Но это хорошо, когда нужно помочь чистенькой заплаканной девочке, поди возлюби небритых крестьян или просто городских гопников, что бегут от войны.
Я сидел в центре богатой Европы и понимал, что с югославами они как-то разберутся.
Хотя, конечно, беженцы не возвращаются домой.
Тут я припомнил наш давний разговор с Гусевым.
Беженцы не возвращаются. Возвращаются только эвакуированные. А теперь мир был полон перемещающихся лиц – беженцев, легальных эмигрантов, нелегальных эмигрантов, высланных туда или оттуда, и прочих.
Но одно я знал твёрдо – в бедные страны не возвращаются.
Современная война так устроена, что если тебя не убили сразу, то маленький человек может улучшить уровень жизни. Жить на пособие в Европе всяко лучше, чем без пособия в какой-нибудь южной стране без водопровода. Потом можно было пустить корни, потому что корни человек умеет пускать даже в бетон.
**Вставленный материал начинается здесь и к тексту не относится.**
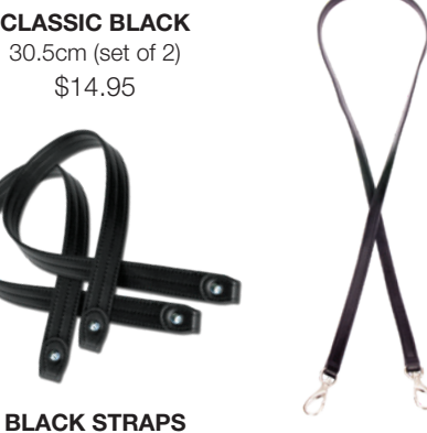
(set of 2) SHORT MEDIUM 53cm 58cm $14.95 $14.95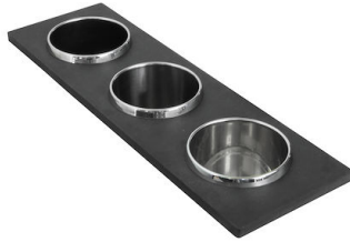
3 Bottles-holder set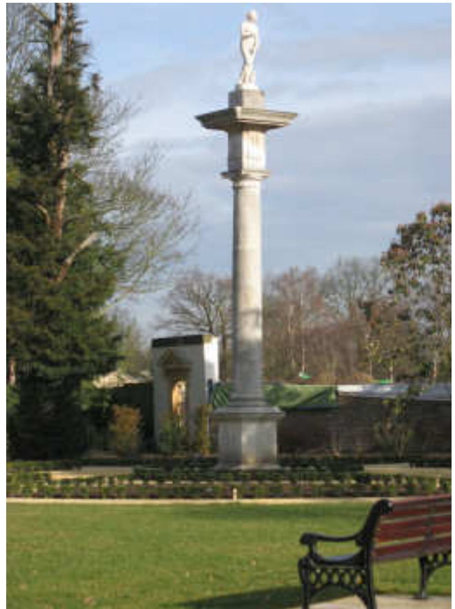
The Rosary Garden and Venus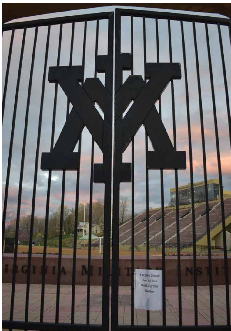
Foster Stadium, along with all facilities on post, is closed to the public for the time being.

While formal practices aren't permitted, cadet-athletes are encouraged to continue their individual training. Baseball players have daily workout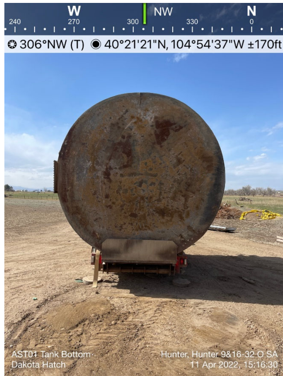
Above Ground Storage Tank (AST) 01 Bottom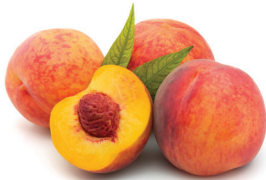
Peaches $1.49 /lb Product of U.S.A.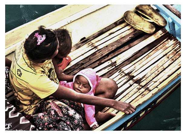
A Badjao family in a canoe

To enhance a newborn's chances of survival and health, infants are secluded after birth and protected by amulets ( hampan ).<sup>9</sup> The Tausug believe that every child is born with a spirit-twin that must be appeased to thwart bad luck.<sup>10</sup>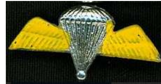
Jump status indicator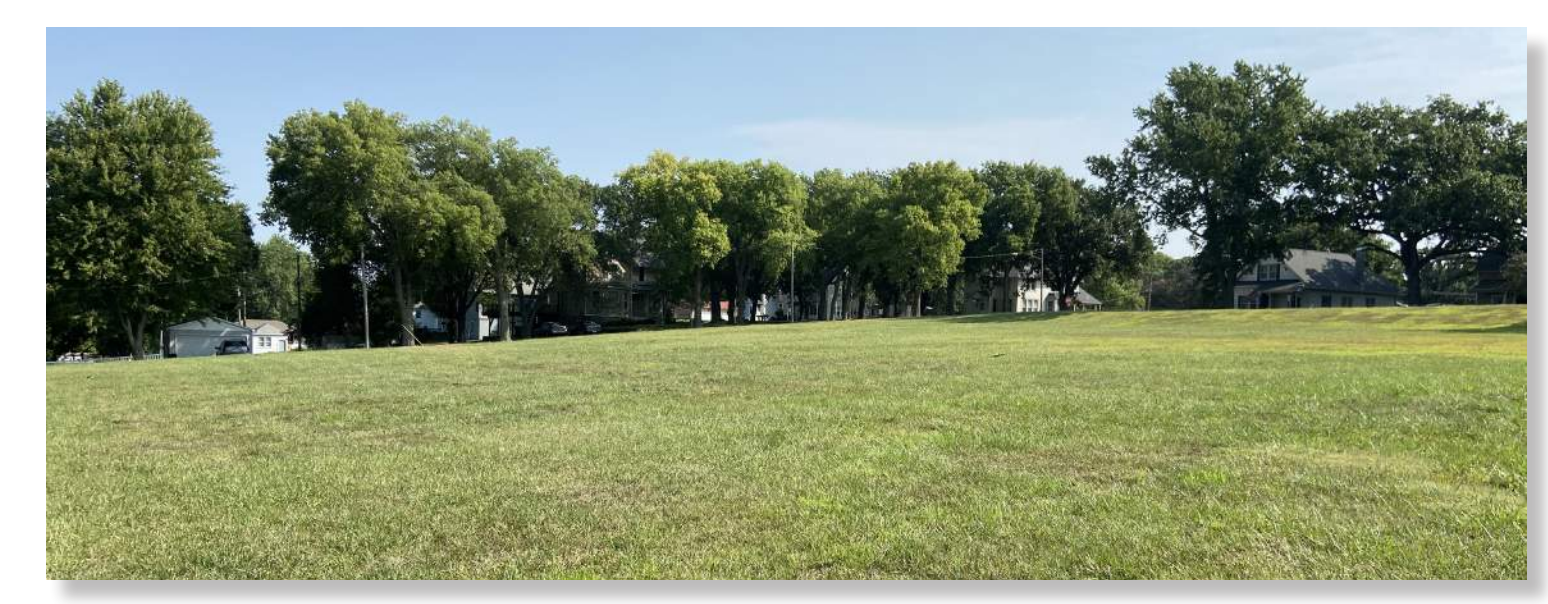
Existing view looking northeast

The play area will include an accessible playground and adult fitness equipment to encourage full utilization of the park. One feature of this park includes a "food forest"—an orchard of fruit–bearing trees that citizens can harvest and enjoy—as well as native planting areas with grasses and wildflowers that will slow stormwater runoff and attract both pollinators and wildlife to the heart of Avoca. This area has the potential to impact much of the community with its close proximity to downtown, which is within a five–minute walking radius of the site.

А, нет – евреи вот вернулись к себе, чтобы с оружием в руках драться за землю, описанную в их книгах.
Да, кроме них, кажется, никто.
Как говорил один из них, две тысячи лет назад евреи были резкие, как вайнахи, но не устояли и из-за этого римляне и разрушили Иудею. После этого мудрецы веками воспитывали народ, как тихих терпил со скрипочками. Но это спасёт, терпеть нельзя ничего.
И конечно, возвращались эвакуированные.
Только эвакуированные.
Идея просвещённого мира заключалась в том, что на родине беженцев кончится война или случатся перемены к демократии и свободе и они вернутся. Это было бы правдой, если заменить условие на то, что в оставленном доме уровень жизни станет выше, чем в стране-пристанище.
И в 1945 году Москва в этом смысле была предпочтительней Ташкента, а старый писатель Куприн ехал в СССР перед войной помирать с комфортом, чтобы не доживать в бедности. Я знал страну, в которой могли сказать: «Всё, война кончилась, ступай отстраивать порушенный колхоз», но этой страны уже несколько лет не было. Мир стал мягче, но эта мягкость оборачивалась неожиданной жёсткостью. Нет, если ты умираешь с голода в парижском предместье, то можно и ломануться на свет высотки на Котельнической набережной, а так как-то нет, всё больше похоже на систему ниппель – беженец от войны мгновенно превращается в экономического невозвращенца.
Нужно исходить из того, что беженцы не возвращаются из богатых стран.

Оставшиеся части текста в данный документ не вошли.